-- EXTRACTED DATA --
=== Begin Enclosure ===
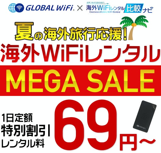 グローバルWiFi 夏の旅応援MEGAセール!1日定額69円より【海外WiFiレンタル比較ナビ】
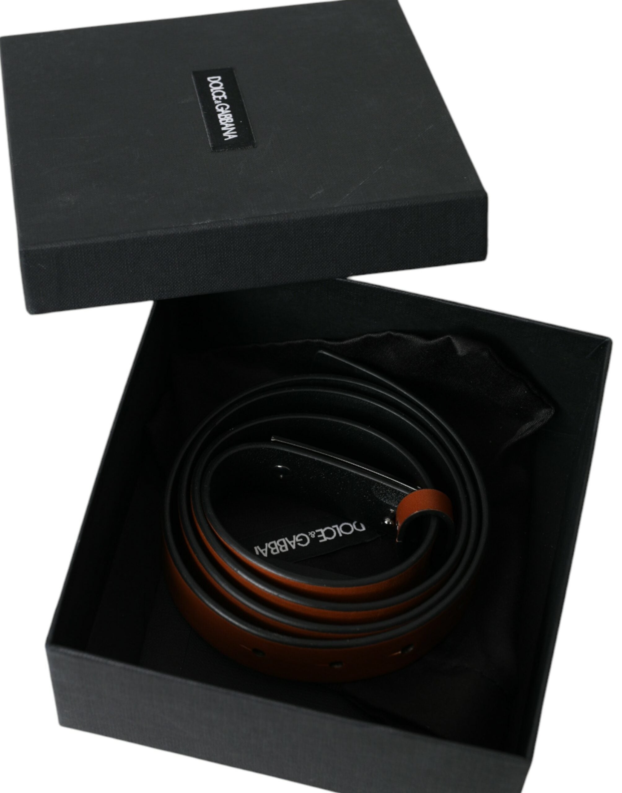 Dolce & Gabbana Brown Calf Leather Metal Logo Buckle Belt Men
=== End Enclosure ===
=== Begin Enclosure ===
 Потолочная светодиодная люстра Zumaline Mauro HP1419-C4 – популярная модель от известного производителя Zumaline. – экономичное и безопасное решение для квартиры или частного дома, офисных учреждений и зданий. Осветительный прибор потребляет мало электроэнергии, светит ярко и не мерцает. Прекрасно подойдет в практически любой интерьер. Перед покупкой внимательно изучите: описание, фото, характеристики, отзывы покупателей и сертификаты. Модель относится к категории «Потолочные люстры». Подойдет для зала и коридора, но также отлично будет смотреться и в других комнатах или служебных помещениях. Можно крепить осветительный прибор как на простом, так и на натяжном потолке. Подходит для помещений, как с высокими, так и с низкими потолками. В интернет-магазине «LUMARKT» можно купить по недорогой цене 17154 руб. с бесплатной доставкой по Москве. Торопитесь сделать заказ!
=== End Enclosure ===
-- DIRECTIONS --
Respond with the exact lines above running from the one containing "グローバルWiFi 夏の旅応" to the one containing "Dolce & Gabbana", both ends kept and no pictures included.

-- RESULT FOR THIS EXERCISE --
 グローバルWiFi 夏の旅応援MEGAセール!1日定額69円より【海外WiFiレンタル比較ナビ】
 Dolce & Gabbana Brown Calf Leather Metal Logo Buckle Belt Men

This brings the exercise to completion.